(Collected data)

···

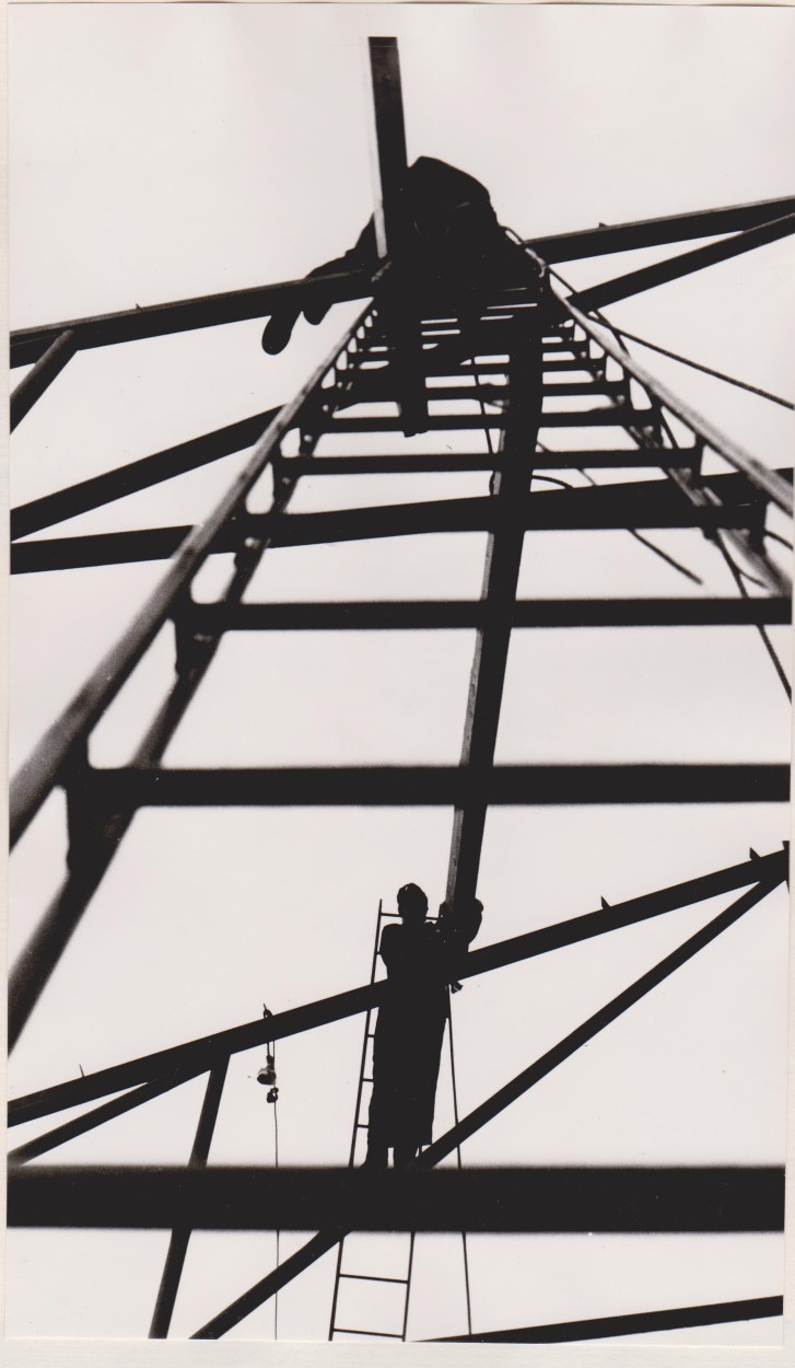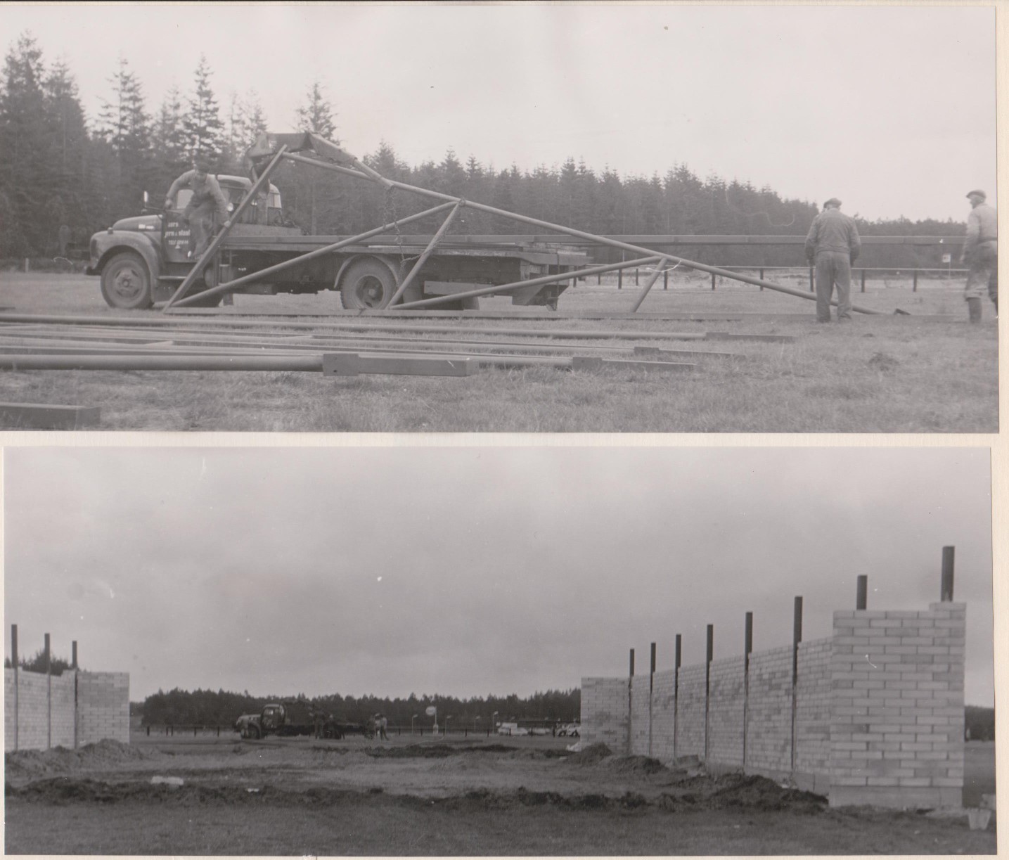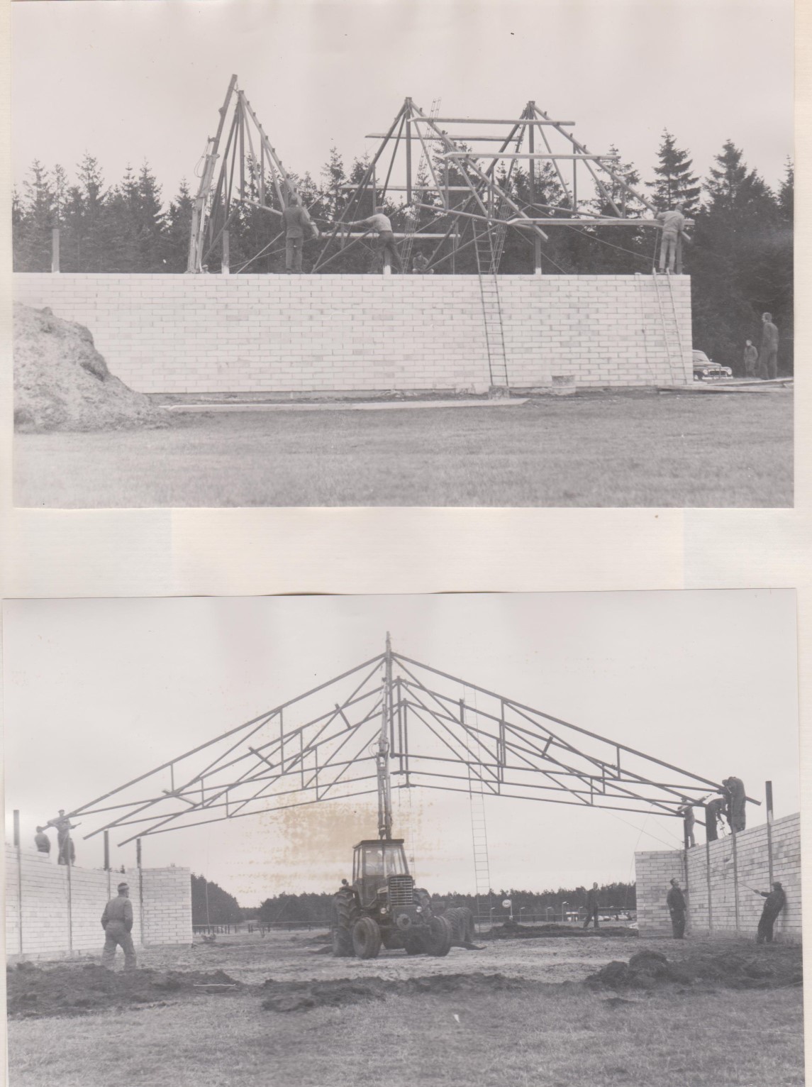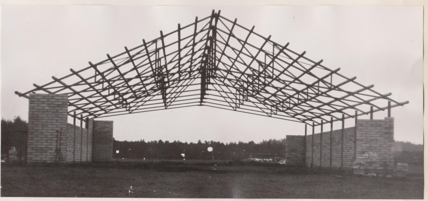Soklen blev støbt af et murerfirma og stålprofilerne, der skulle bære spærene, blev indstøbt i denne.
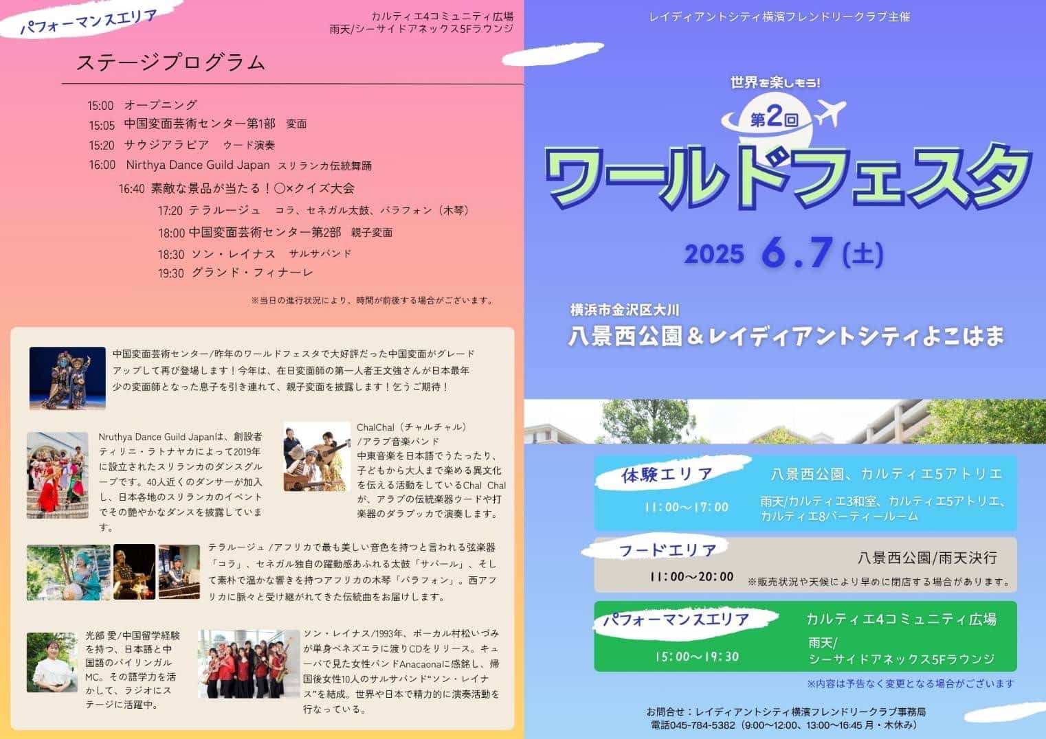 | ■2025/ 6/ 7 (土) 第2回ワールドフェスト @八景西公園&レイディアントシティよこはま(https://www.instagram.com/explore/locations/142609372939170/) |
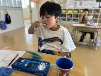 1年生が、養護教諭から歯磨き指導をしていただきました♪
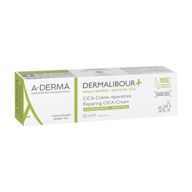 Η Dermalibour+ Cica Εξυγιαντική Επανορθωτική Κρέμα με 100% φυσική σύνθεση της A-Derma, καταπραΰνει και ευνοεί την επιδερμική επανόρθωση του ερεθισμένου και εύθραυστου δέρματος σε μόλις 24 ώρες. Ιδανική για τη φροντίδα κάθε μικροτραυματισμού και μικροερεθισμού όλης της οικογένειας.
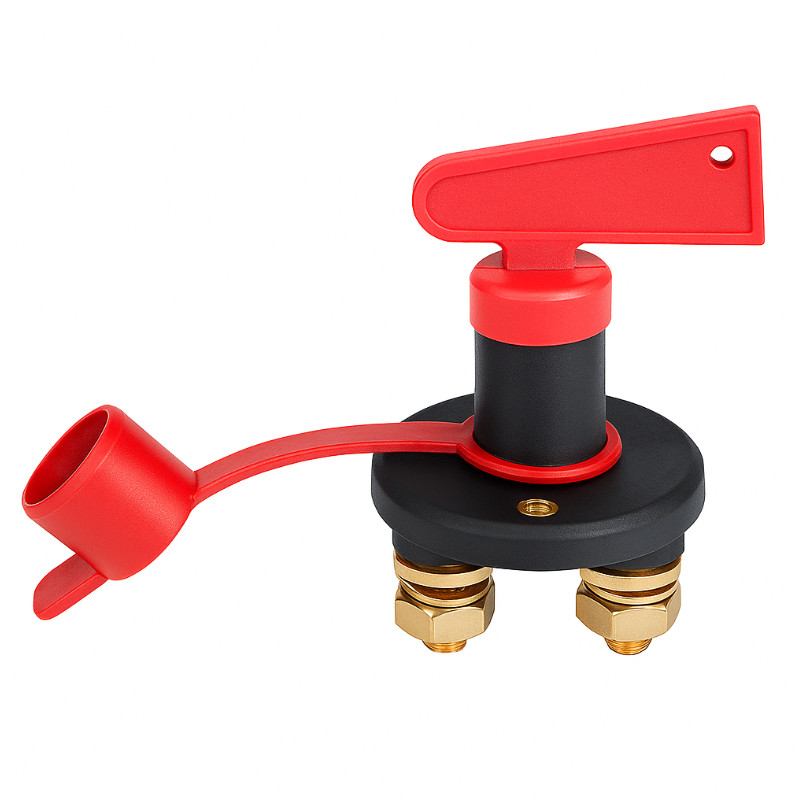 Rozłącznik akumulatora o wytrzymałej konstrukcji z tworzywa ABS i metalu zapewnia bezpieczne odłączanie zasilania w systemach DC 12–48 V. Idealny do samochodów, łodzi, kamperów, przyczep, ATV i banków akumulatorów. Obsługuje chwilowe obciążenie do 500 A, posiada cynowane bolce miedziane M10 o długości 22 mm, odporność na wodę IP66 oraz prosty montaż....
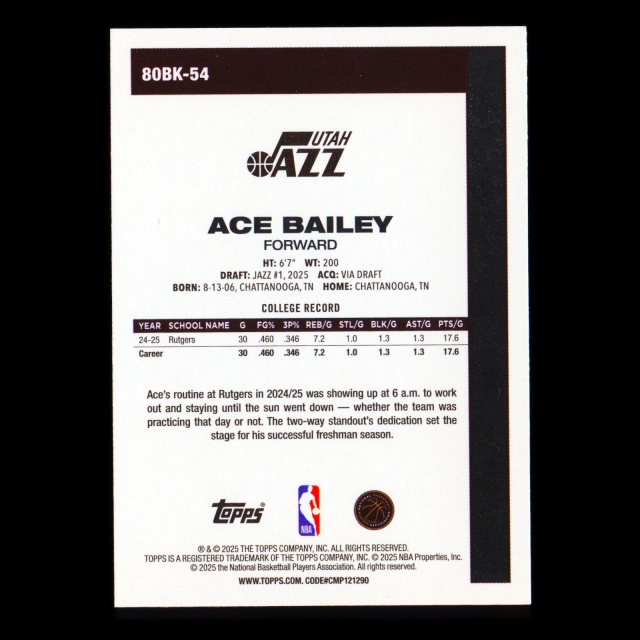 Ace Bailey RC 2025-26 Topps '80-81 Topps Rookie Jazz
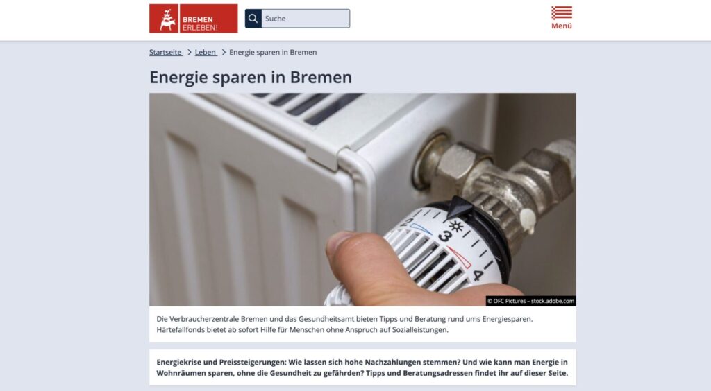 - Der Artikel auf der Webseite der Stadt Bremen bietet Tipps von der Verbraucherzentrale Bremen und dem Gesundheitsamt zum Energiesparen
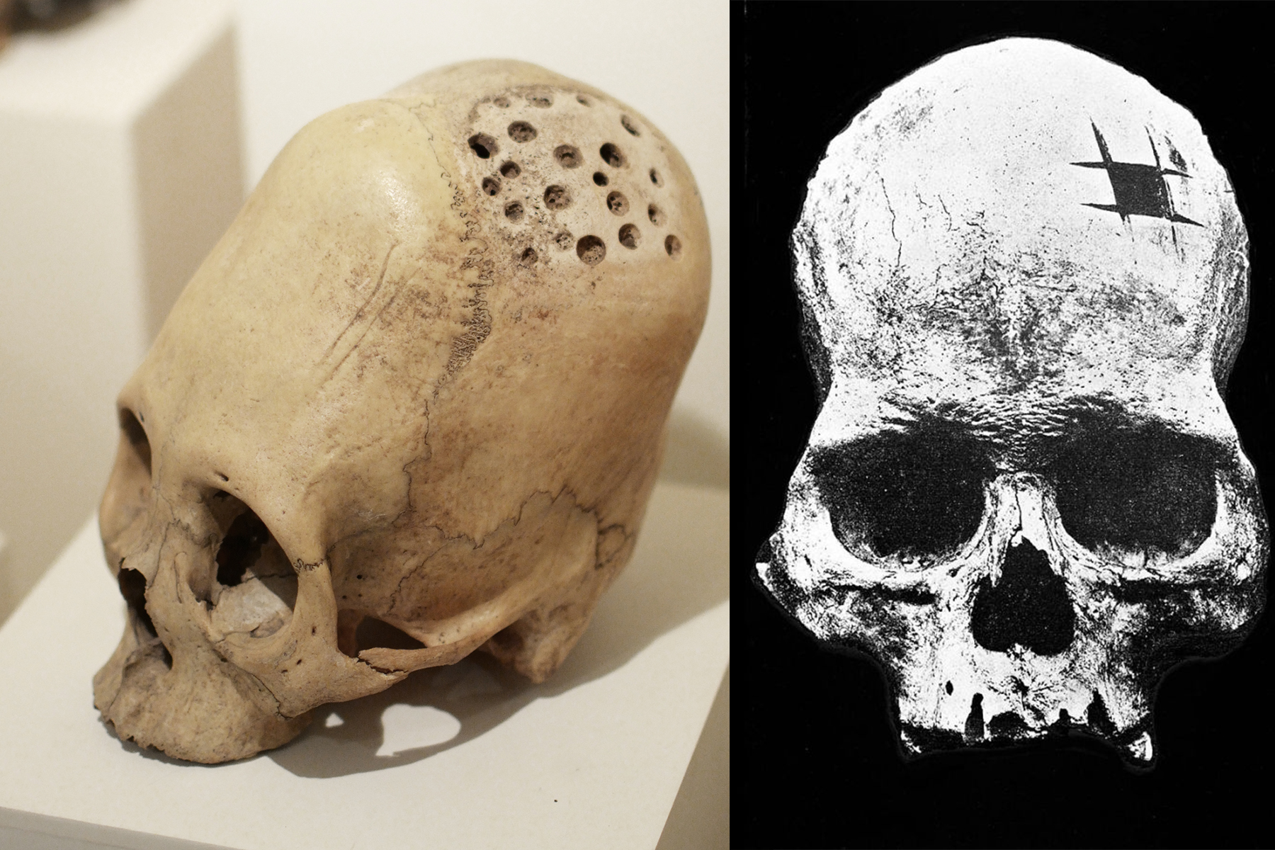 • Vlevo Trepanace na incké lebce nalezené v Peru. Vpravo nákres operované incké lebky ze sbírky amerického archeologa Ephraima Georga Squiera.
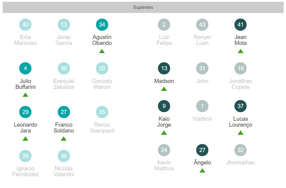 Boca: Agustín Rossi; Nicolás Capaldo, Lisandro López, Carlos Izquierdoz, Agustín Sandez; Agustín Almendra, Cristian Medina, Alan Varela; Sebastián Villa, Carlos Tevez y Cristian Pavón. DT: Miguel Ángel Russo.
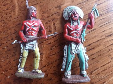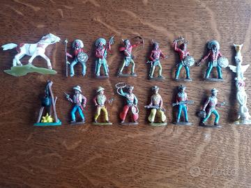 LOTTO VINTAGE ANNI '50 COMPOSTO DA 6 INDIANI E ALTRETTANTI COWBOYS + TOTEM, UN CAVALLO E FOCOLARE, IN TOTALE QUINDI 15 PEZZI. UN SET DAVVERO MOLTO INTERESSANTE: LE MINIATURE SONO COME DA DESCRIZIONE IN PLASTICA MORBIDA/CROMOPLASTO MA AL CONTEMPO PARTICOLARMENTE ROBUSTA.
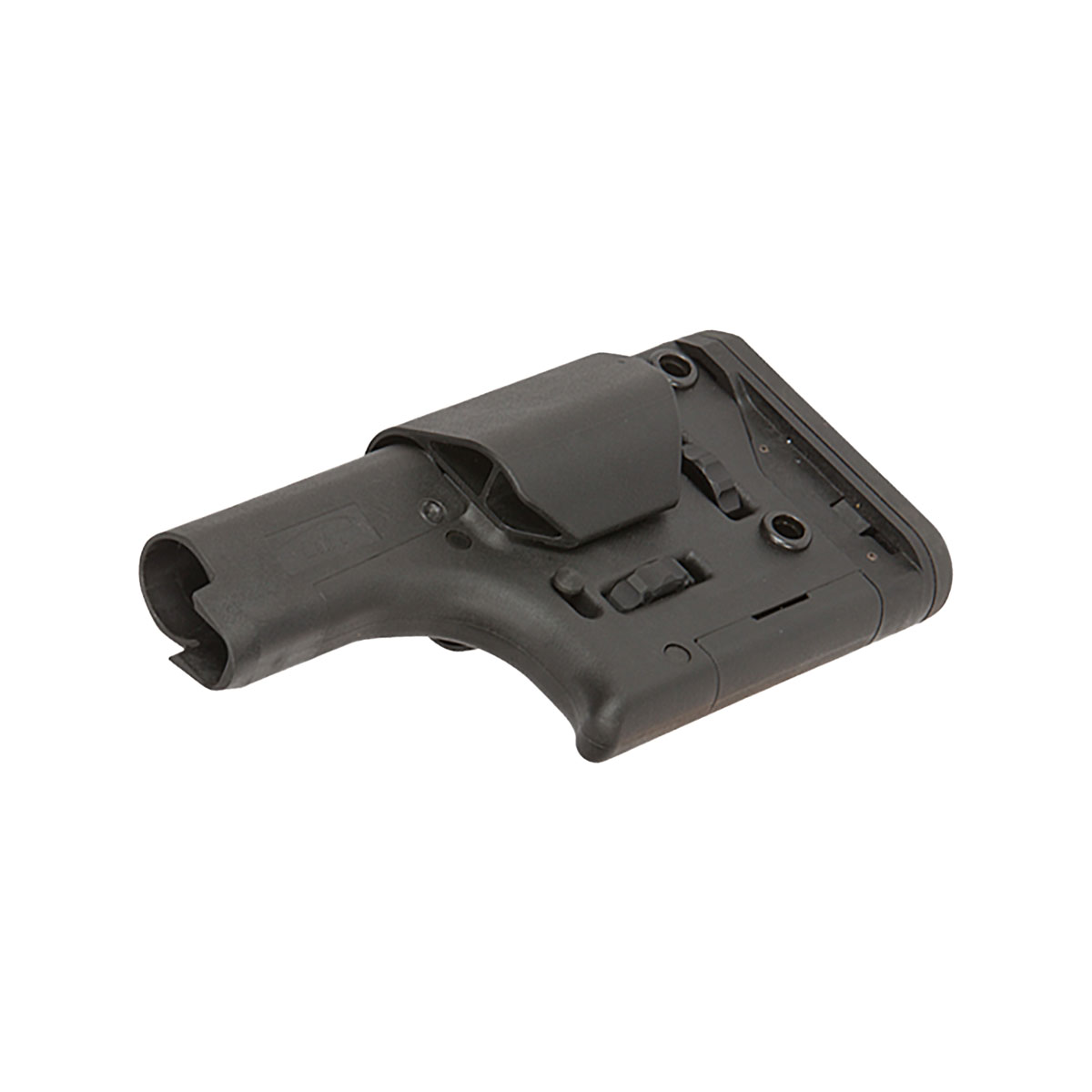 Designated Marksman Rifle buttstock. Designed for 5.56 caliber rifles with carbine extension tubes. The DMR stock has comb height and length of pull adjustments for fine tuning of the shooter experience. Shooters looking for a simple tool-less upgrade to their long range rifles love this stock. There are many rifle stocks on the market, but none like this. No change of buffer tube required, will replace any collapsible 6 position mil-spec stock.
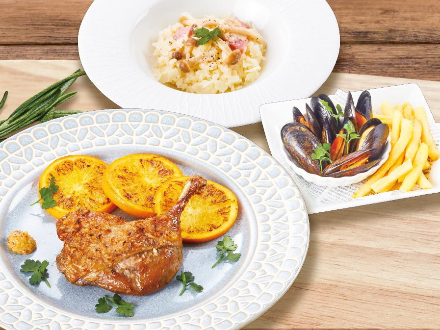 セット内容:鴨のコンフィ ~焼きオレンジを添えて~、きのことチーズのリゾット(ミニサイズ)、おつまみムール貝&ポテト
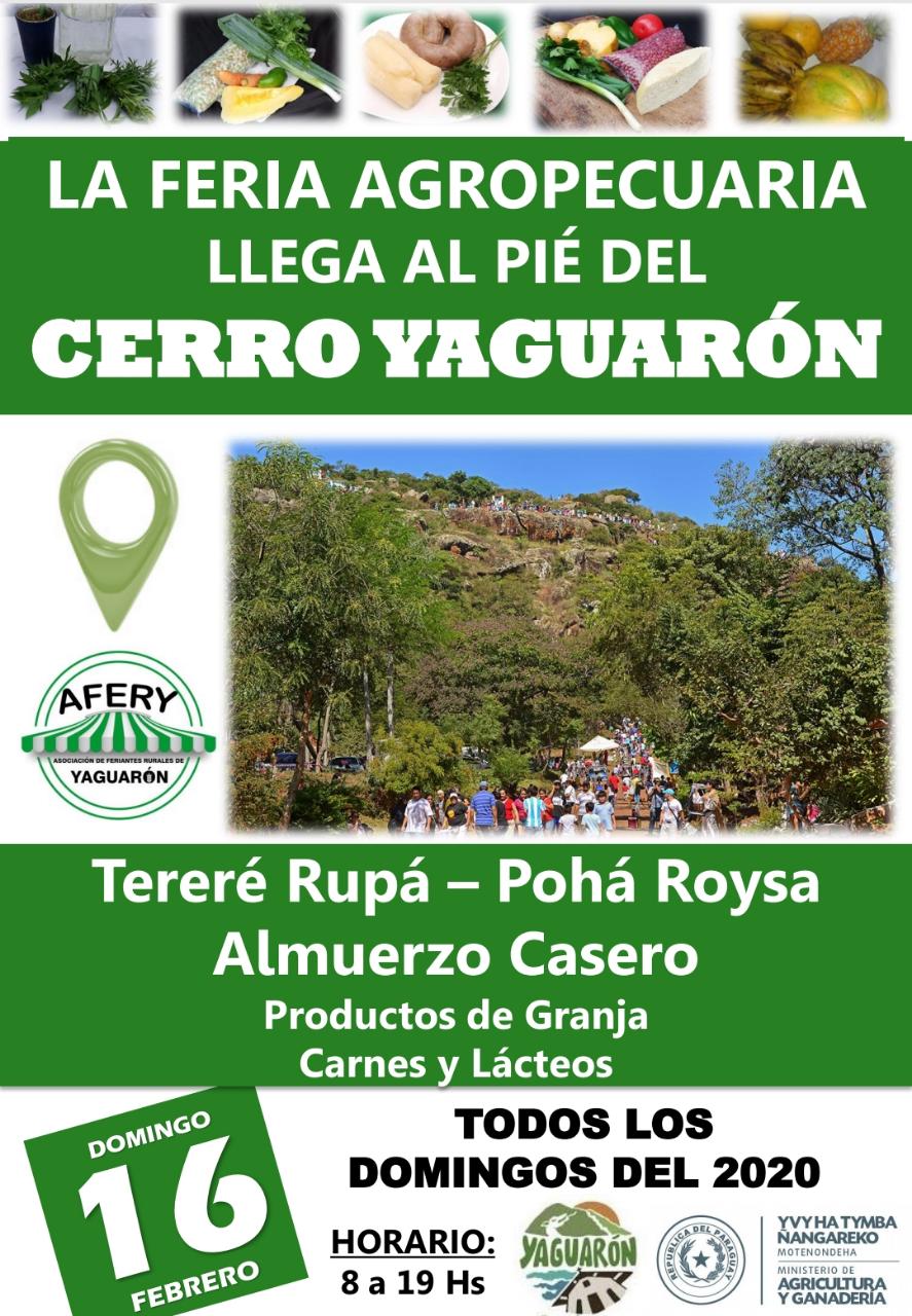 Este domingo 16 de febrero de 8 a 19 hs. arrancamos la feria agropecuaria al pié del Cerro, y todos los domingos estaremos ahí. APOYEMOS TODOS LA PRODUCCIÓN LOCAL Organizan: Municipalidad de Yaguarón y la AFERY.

···

Task directions:
Reproduce exactly the lines above that run from the one with "- Der Artikel" to the one with "Boca: Agustín Rossi;", both included, leaving pictures out.

The completed task:
 - Der Artikel auf der Webseite der Stadt Bremen bietet Tipps von der Verbraucherzentrale Bremen und dem Gesundheitsamt zum Energiesparen
 • Vlevo Trepanace na incké lebce nalezené v Peru. Vpravo nákres operované incké lebky ze sbírky amerického archeologa Ephraima Georga Squiera.
 Boca: Agustín Rossi; Nicolás Capaldo, Lisandro López, Carlos Izquierdoz, Agustín Sandez; Agustín Almendra, Cristian Medina, Alan Varela; Sebastián Villa, Carlos Tevez y Cristian Pavón. DT: Miguel Ángel Russo.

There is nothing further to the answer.